All Greece, all the barbarian world, is too narrow for this man's

ambition. And though we Greeks see and hear all this, we send no embassies to each other; we express no resentment; but into such wretchedness are we sunk, that even to this day, we neglect what our interest and duty demand. Without engaging in associauons, or forming confederacies, we look with unconcern upon Philip's growing power; each fondly imagining, that the time in which another is destroyed, is so much time gained on him; although no man can be ignorant, that, like the regular periodic return of a fever, he is coming upon those who think themselves the most remote from danger. And what is the cause of our present passive disposition? For some cause sure there must be, why the Greeks, who have been so zealous heretofore in defence of liberty, are now so prone to slavery. The cause, Athenians! is, that a principle, which was formerly fixed in the minds of all, now exists no more; a principle which conquered the opulence of Persia; maintained the freedom of Greece, and triumphed over the powers of sea and land. That principle was, an unanimous abhorrence of all those who accepted bribes from princes, that were enemies to the liberties of Greece. To be convicted of bribery, was then a crime altogether unpardonable. Neither orators, nor generals, would then sell for gold, the favourable conjunctures which fortune put into their hands. No gold could impair our firm concord at home, our hatred and defiance of tyrants and barbarians. But now all things are exposed to sale, as in a public market. Corruption has introduced such manners, as have proved the bane and destruction of our country. Is a man known to have received foreign money? People envy him. Does he own it? They laugh. Is he convicted in form? They forgive him: so universally has this contagion diffused itself among us.
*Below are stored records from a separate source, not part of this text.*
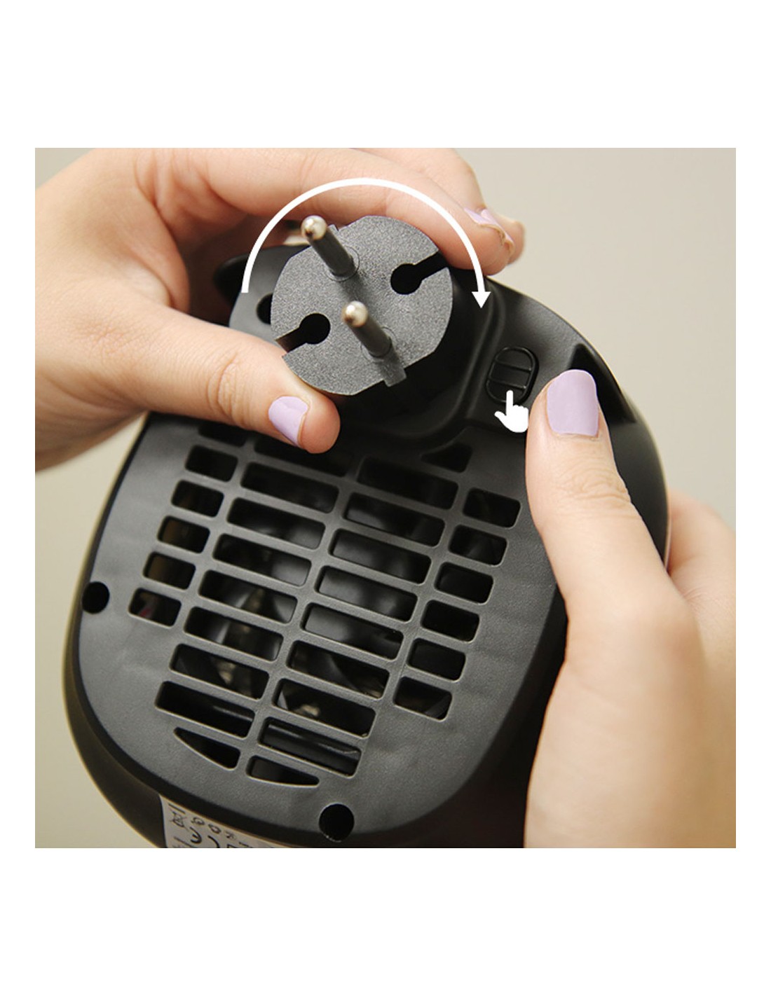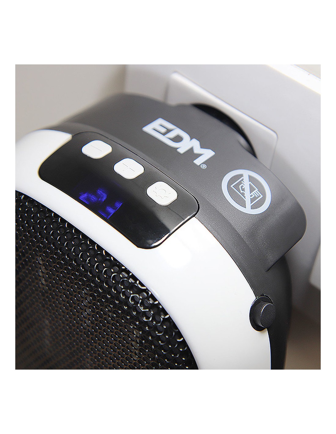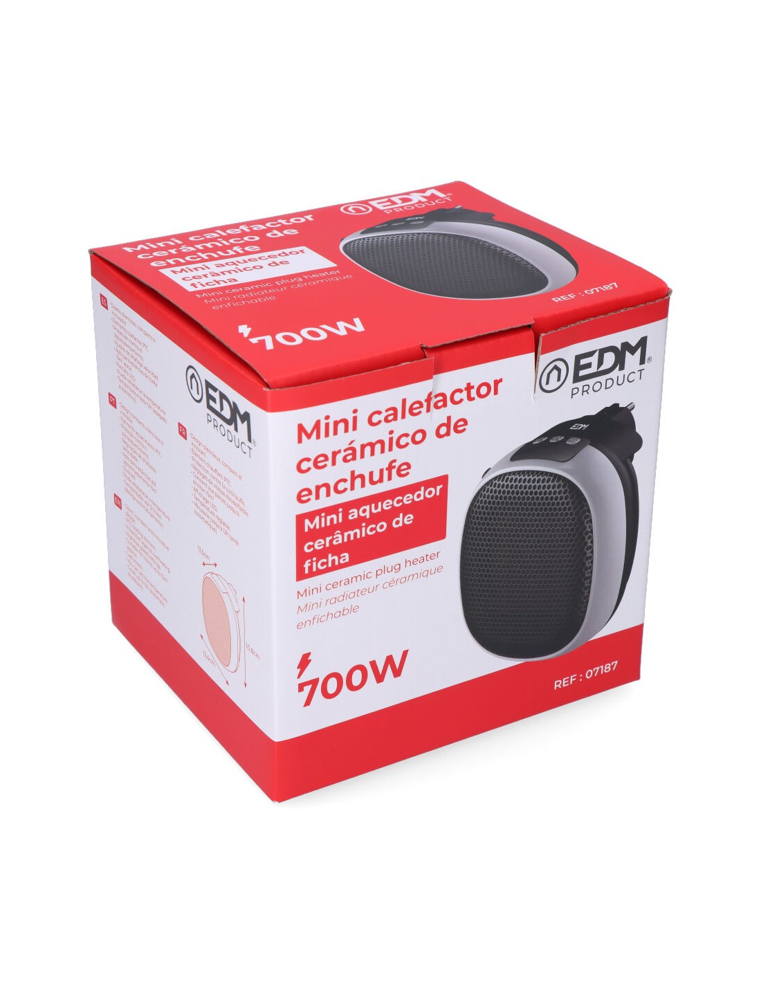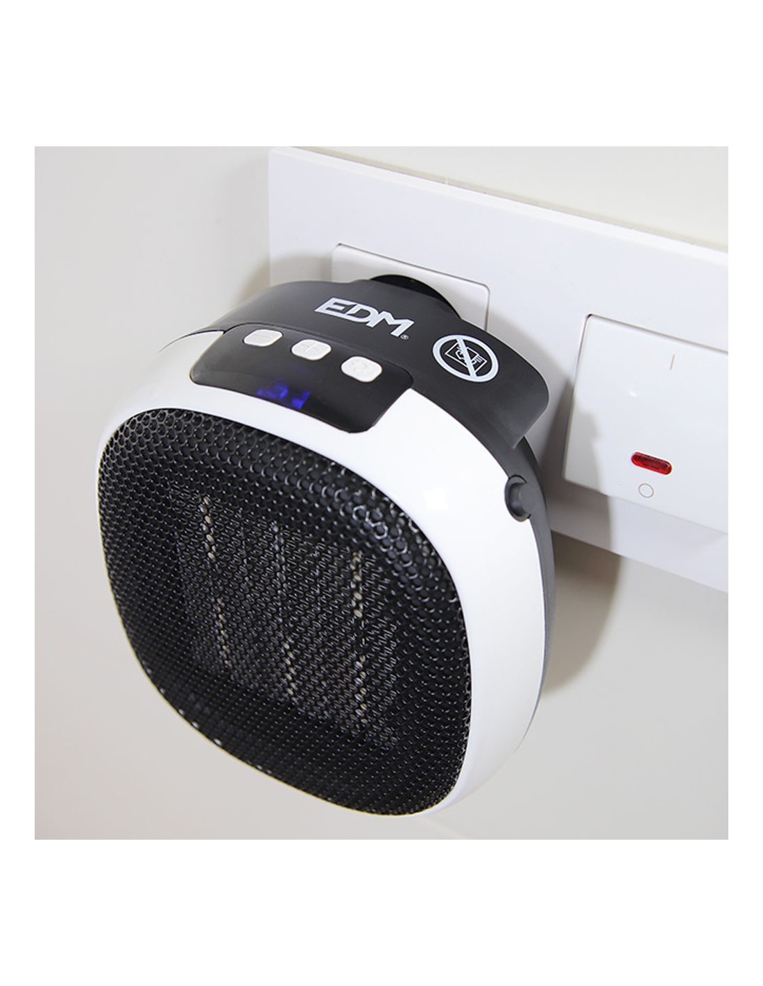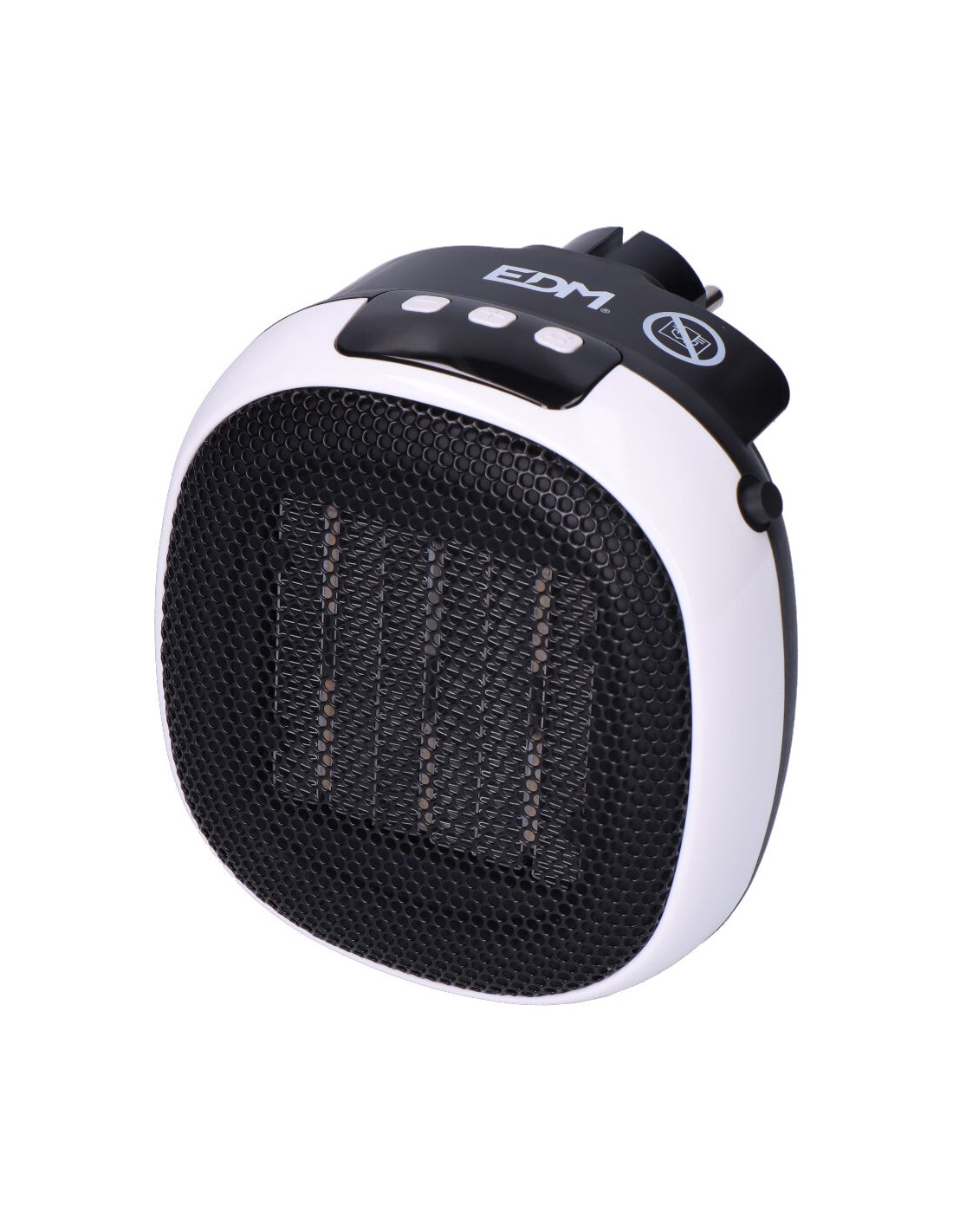Mini calefactor cerámico 700 w con clavija trasera incorporada, dos velocidades, proteccion de sobrecalentamiento, pantalla led incorporada, programador de 12 h, función ventilador. dimensiones: 12,4 x 13,5 x 10,8 cm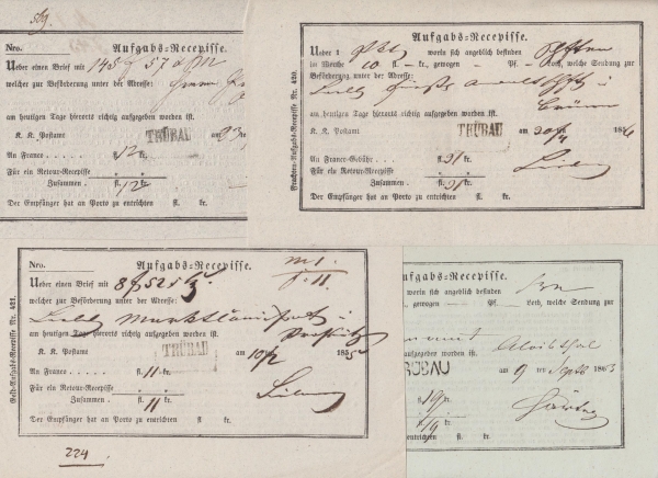 1854 Podací lístky MORAVSKÁ TŘEBOVÁ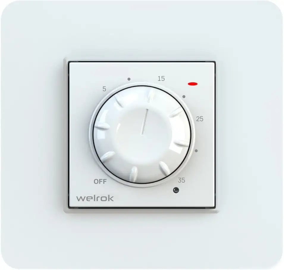 Терморегулятор Welrok rol предназначен для управления системами комнатного отопления. Он не требует программирования и работает механически, что делает его простым в использовании. Устройство оснащено датчиком температуры воздуха, который автоматически поддерживает заданный уровень тепла. Терморегулятор подключается внутри стены, что позволяет сохранить эстетичный внешний вид. Диапазон регулировки температуры составляет от 0 до 35 °C, а точность — 1 °C. Максимальный ток нагрузки — 16 А, что подходит для большинства отопительных приборов. Корпус выполнен из белого пластика и защищен классом IP20. В комплект входят сам регулятор, декоративная рамка, инструкция, гарантия и упаковка. Это устройство обеспечивает надежное и простое управление отоплением без дополнительных настроек.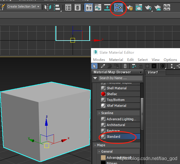 按下M键打开材质编辑器,位置如图所示,拖动一个标准色过去:
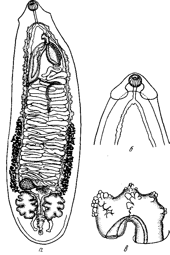 а — марита; б — головная часть с вентральной стороны; в — циррус
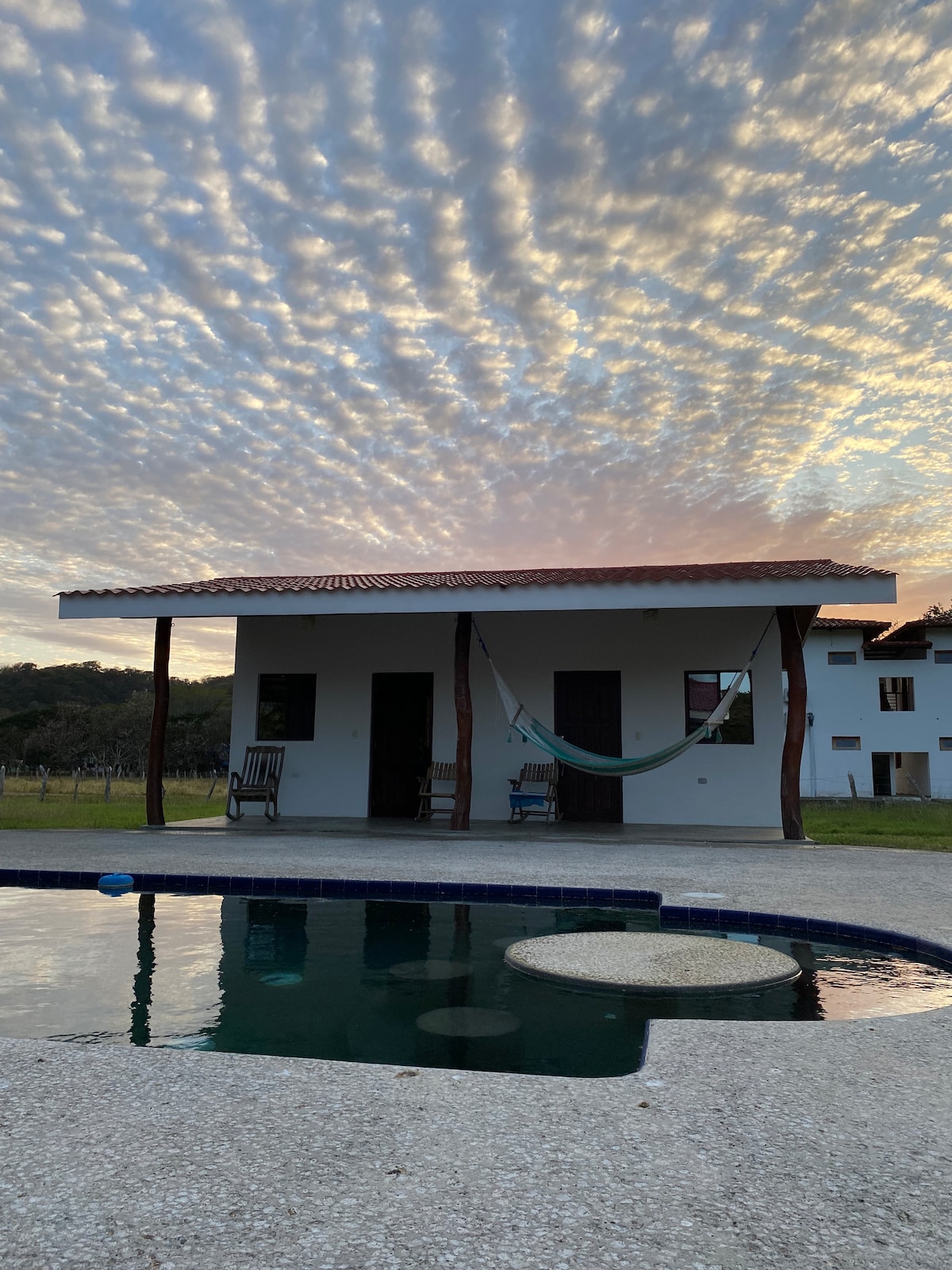 Casa La Serena erbjuder stil, avskildhet och komfort i detta fantastiska boende i boho-stil med 2 sovrum, 2,5 badrum med utsikt över havet och djungeln och en vacker privat pool för din njutning. Städning, stöd för elproduktion och ett lokalt team att träffas och hälsa på, det är det perfekta stället för smekmånadsresenärer, par och familjer också! Villan ligger i Balcones de Majagual och har otrolig utsikt över Stilla havet. 200 mega fiberoptiskt internet, nyligen omgjord pool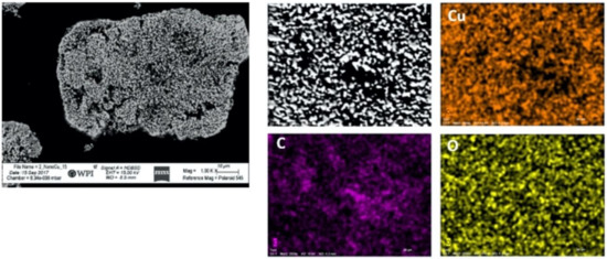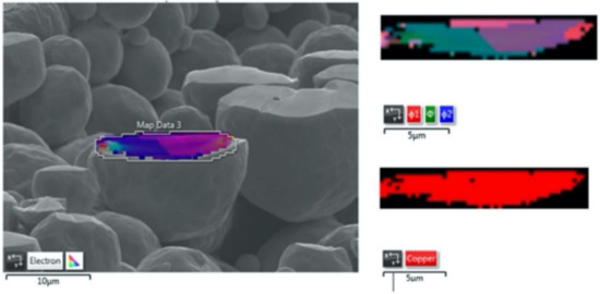 As can be seen in Figure 6 and Figure 7, the location of oxygen relative to the powder microstructures and areas where Cu is present differs in terms of what could be considered zones of depletion. That is to say, given the dense nature of the GA Cu feedstock powder, Cu is found to be distributed throughout the entirety of the cross-sectioned powder particle shown in Figure 6 as one would readily expect. On the other hand, the oxygen is not equally distributed homogenously throughout the GA powder particle. Instead, there are numerable regions where oxygen appears to be depleted or absent and other locations where oxygen is highly concentrated. When compared with the EDS analysis showcased in Figure 7 for the spray-dried Cu powder, the location of oxygen shares a significant correspondence with the location of Cu. There are far fewer zones of depletion, and the areas where Cu and oxygen do not appear to be present are attributable to the 50% porosity associated with this feedstock, which was revealed in Figure 5.

'If there be any who, though not carried away by bribes, yet are struck with terror, as if Philip was something more than human, they may see, upon a little consideration, that he hath exhausted all those artifices to which he owes his present elevation; and that his affairs are now ready to decline. For I myself, Athenians! should think Philip really to be dreaded, if I saw him raised by honourable means. When forces join in harmony and affection, and one common interest unites confederating powers, then they share the toils with alacrity, and endure distresses with perseverance. But when extravagant ambition and lawless power, as in the case of Philip, have aggrandized a single person, the first pretence, the slightest accident, overthrows him, and dashes his greatness to the ground. For, it is not possible, Athenians! it is not possible, to found a lasting power upon injustice, perjury, and treachery. These may perhaps succeed for once, and borrow for a while, from hope, a gay and a flourisning appearance. But time betrays their weakness, and they fall of themselves to ruin. For, as in structures of every kind, the lower parts should have the firmest stability, so the grounds and principles of great enterprises should be justice and truth. But this solid foundation is wanting to all the enterprises of Philip.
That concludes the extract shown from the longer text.